TB Green^® Premix Ex Taq™ II FAST qPCR

推奨条件（シャトルPCR標準プロトコール）で良好な反応性が得られない場合には、下記の要領でプライマー濃度やPCR条件の検討を行う。また、反応系によっては、特性が異なる他のTB Green PremixシリーズリアルタイムPCR試薬（製品コード RR820A/B、RR420S/A/B、RR091A/B）を用いることにより、反応性が大きく改善することもある。
実験条件を選ぶ際には、反応特異性と増幅効率の両方を考慮して総合的に判断する。両方のバランスが取れた実験系では広い濃度範囲で正確な定量が可能である。

○ 反応特異性が高い実験系

• No Template Controlでプライマーダイマーなどの非特異的増幅が生じない。
• 目的産物以外の非特異的増幅が生じない。

○ 増幅効率が高い実験系

• 増幅産物がより早いサイクルで検出される（Ct値が小さい）。
• PCR増幅効率が高い（理論値である100％に近い）。

【プライマー濃度の検討】

プライマー濃度と反応特異性および増幅効率の間には、以下のような関係がある。反応特異性を上げるにはプライマー濃度を下げ、 増幅効率を上げるにはプライマー濃度を上げる。

【PCR条件の検討】

• ○ 反応特異性を上げるには
  

  アニーリング温度を上げると反応特異性が改善することがある。増幅効率とのバランスを確認しながら、検討を行う。
  



• ○ 増幅効率を上げるには
  

  1）アニーリング温度/伸長温度を下げるか、3 step PCRに変更、または伸長時間時間を伸ばすことにより、増幅効率が改善することがある。
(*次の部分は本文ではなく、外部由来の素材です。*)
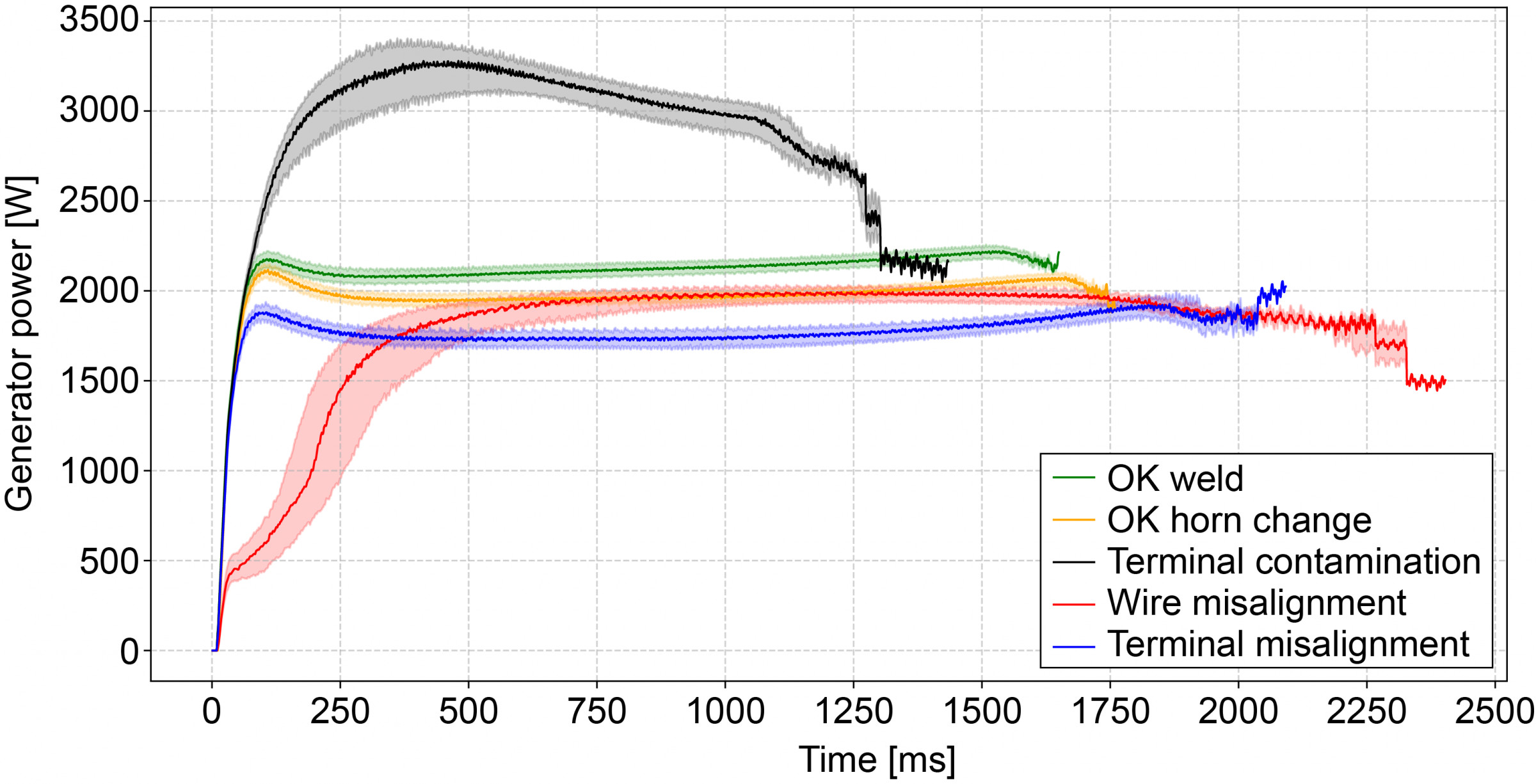 The evaluation shows that the highest pull-out forces, with a median value of 2,850.00 N, was achieved in the OK weld class. This class also exhibits the smallest range (610 N) and standard deviation (108.52 N), indicating high reproducibility and process stability. In contrast, the terminal contamination class shows a significantly lower median value of 247.66 N and a very high spread of 425.79 N. Notably, in a total of 59 cases within this class no pull-out force could be determined resulting from process errors that lead to complete failure of the connection. A visualization of the curve profiles, including the interquartile range of all welding curves in the dataset with respect to generator power and taking class affiliation into account, reveals that the individual welding curves within each class are fairly homogeneous, while there are significant differences between the welding classes, particularly in terms of the curves’ curvature and length, see Fig. 4.
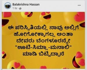 ಈ ಪರಿಸ್ಥಿತಿಯಲ್ಲಿ ನಾವು ಅಲ್ಲಿಗೆ ಹೋಗೋಕ್ಕೆ ಆಗೋಲ್ಲ ಅಂತಾ ದೇವರು ಬೆಂಗಳೂರನ್ನೇ ಊಟಿ-ಸಿಮ್ಲಾ-ಮನಾಲಿ ಮಾಡಿಬಿಟ್ಟಿದ್ದಾನೆ ಎಂದು ಹಸನ್ಮುಖರಾಗಿದ್ದಾರೆ.
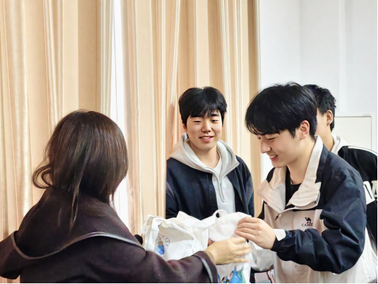 仪式上,全体老师们为学子们发放了加油礼包,内有橙子、旺旺奶糖、百事可乐等八样物品,并配以校庆50周年专属纪念袋,每样物品都寄托着美好寓意。本次加油仪式不仅为备考学子们提供物质上的关怀,更给予精神上的慰藉与方法上的指导。活动最后,全体师生合影留念,将这份温暖的鼓励与期盼定格铭记。(文/井钰婷 图/井钰婷 审稿人/一审:任静 二审:傅娜 三审:刘璟忠)
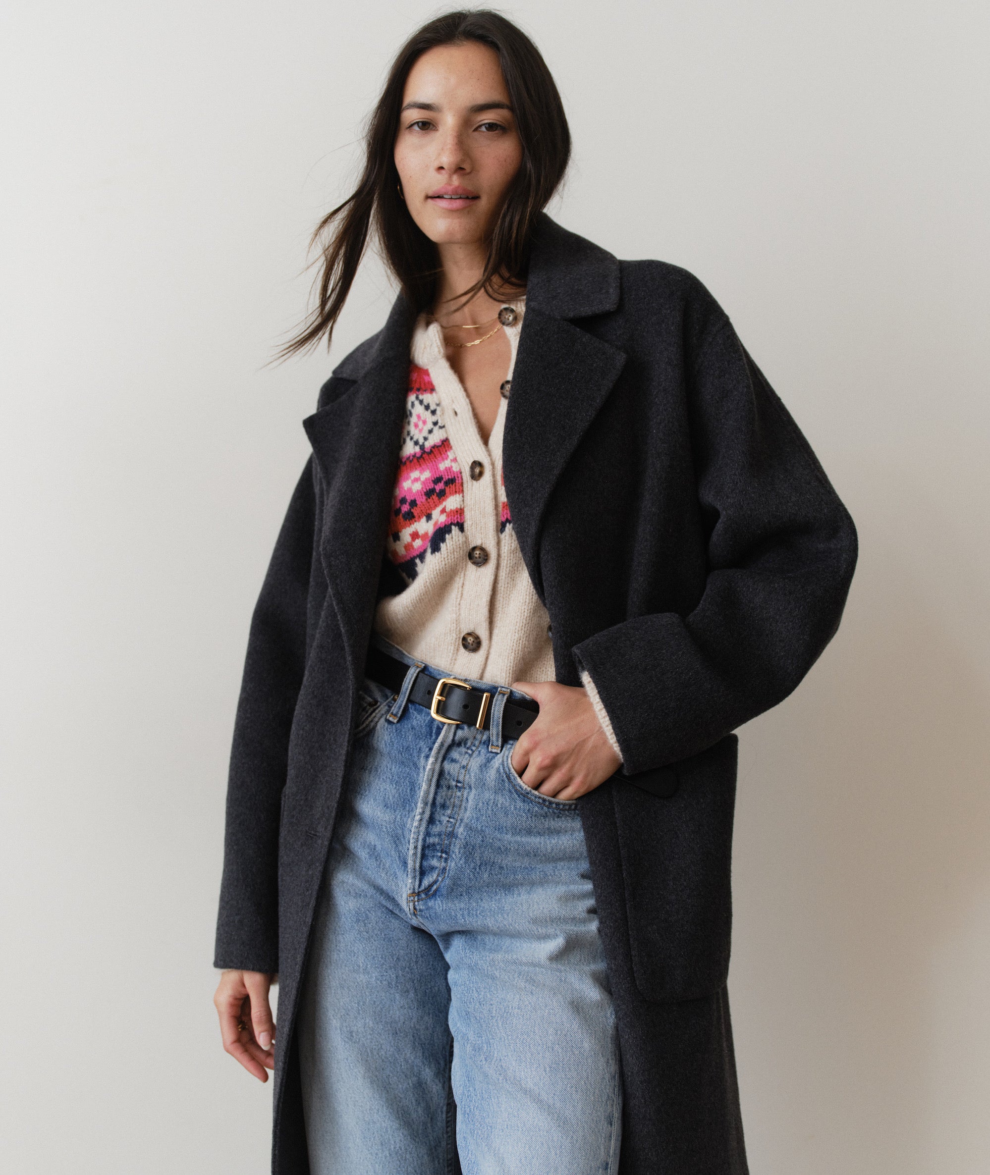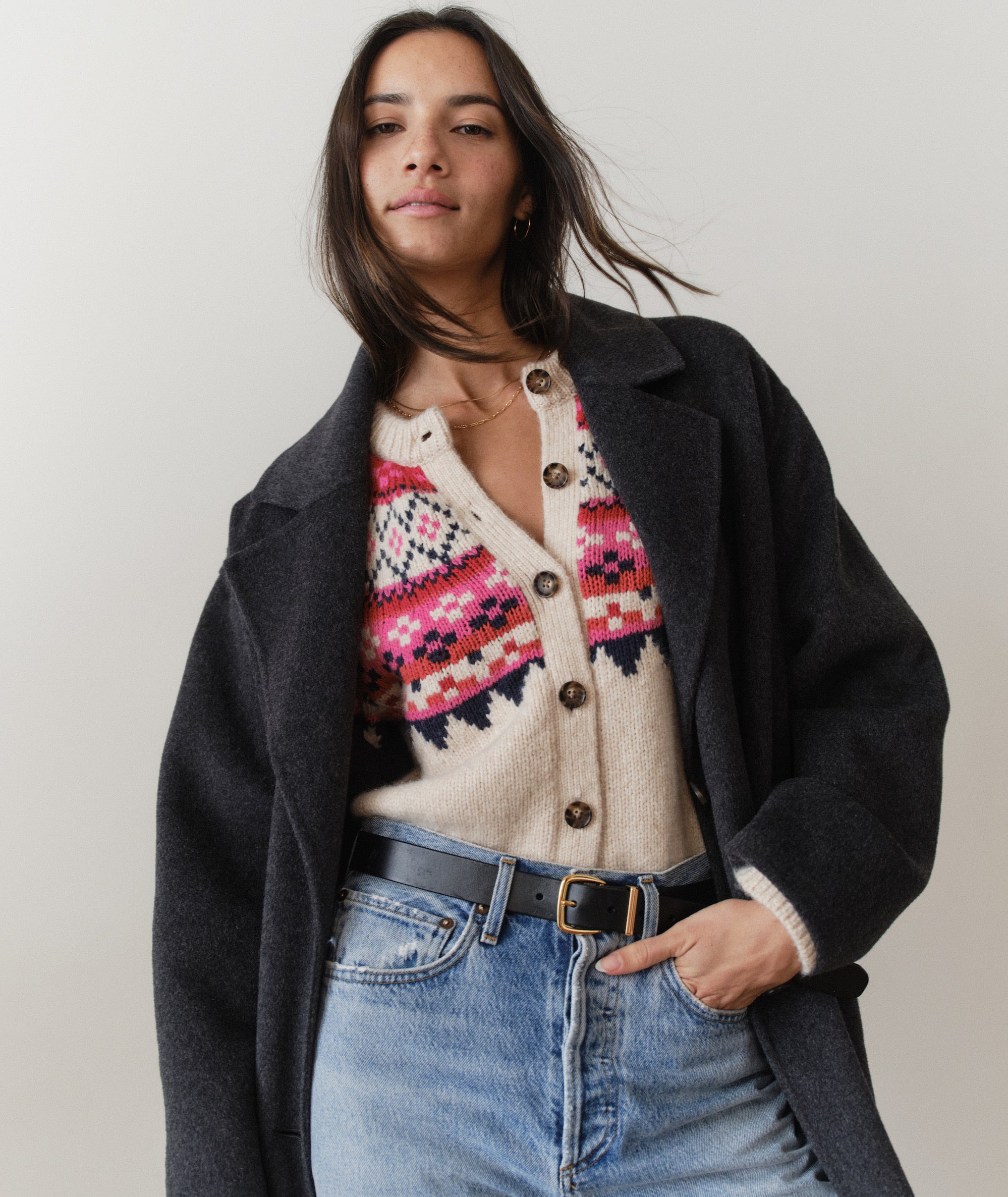 If you love a Fair Isle sweater, but want a few more styling options? This cardigan is your girl. She has an easy relaxed fit, but a high hip length to keep things from feeling oversized. With the new colors this year, we're including a first-ever true neutral in gray. Did we mention there are matching hats for all the colors? There are matching hats.

以下の手順で検討を行う。
  

  2）変性温度を95℃から1℃ずつ92℃まで下げることにより、増幅効率が改善することがあります。
  



• ○ 初期変性について
  

  初期変性は通常95℃、30秒で充分である。環状プラスミドやゲノムDNAなど変性しにくい鋳型でも、ほとんどの場合、この条件で良好に反応できる。鋳型の状態によっては、95℃、1～2分程度に延長することが可能であるが、時間が長すぎると酵素の失活を招く恐れがあるので、2分以上の条件は推奨しない。